__EXERCISE AIM__: Reproduce exactly the span of lines beginning at the one with "冷感Tシャツ 半袖 レディース" and ending at the last line of the data below, omitting pictures.

__STORED DATA__:
+++++
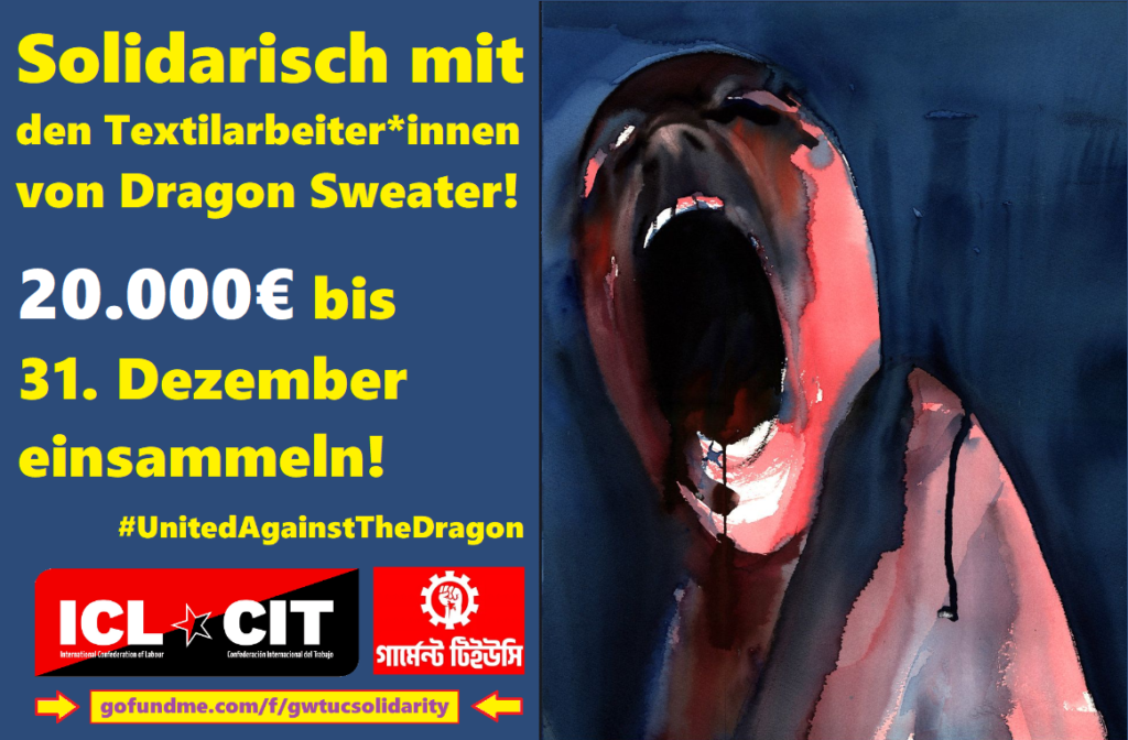 Solidarisch mit den ehemaligen Textilarbeiter*innen von Dragon Sweater und gegen den Konsumwahn!
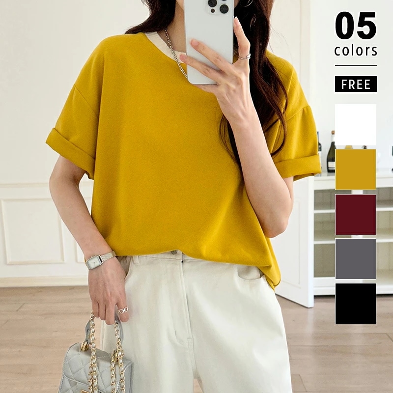 冷感Tシャツ 半袖 レディース フレンチスリーブ クルーネック Tシャツ トップス カットソー 半袖 夏服 ラウンドヘム レディース ブラウス 着回し 韓国ファ
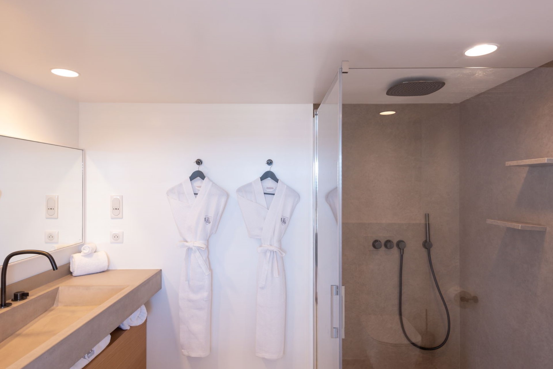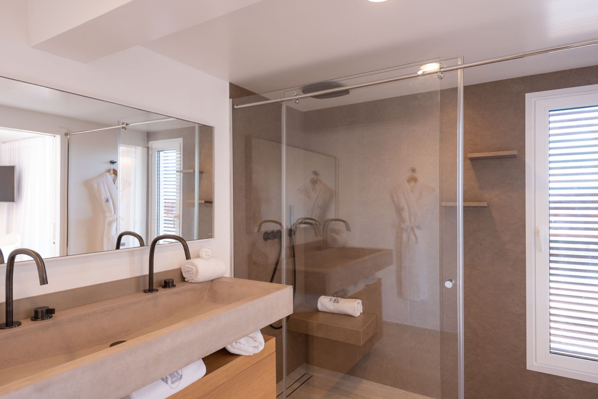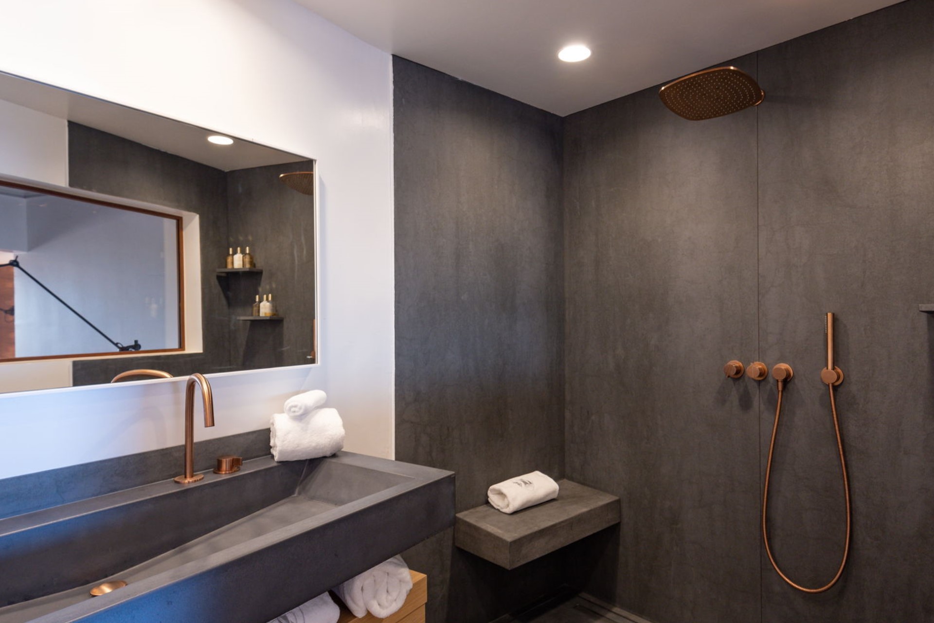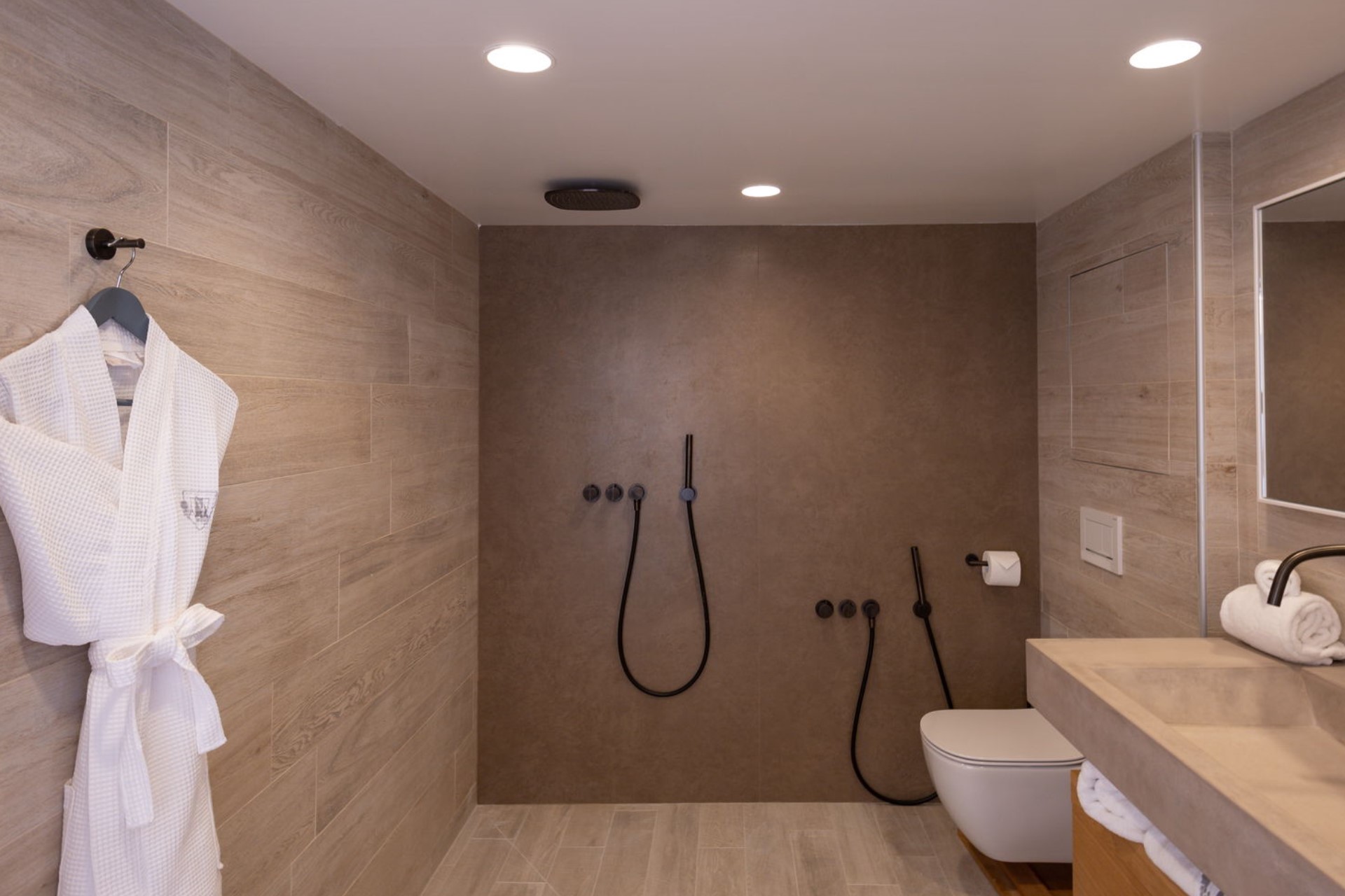 Bedroom 5 – king-size bed, en-suite wet room with dual vanity & shower, terrace, ocean views
+++++
__EXERCISE SOLUTION__:
 冷感Tシャツ 半袖 レディース フレンチスリーブ クルーネック Tシャツ トップス カットソー 半袖 夏服 ラウンドヘム レディース ブラウス 着回し 韓国ファ
 Bedroom 5 – king-size bed, en-suite wet room with dual vanity & shower, terrace, ocean views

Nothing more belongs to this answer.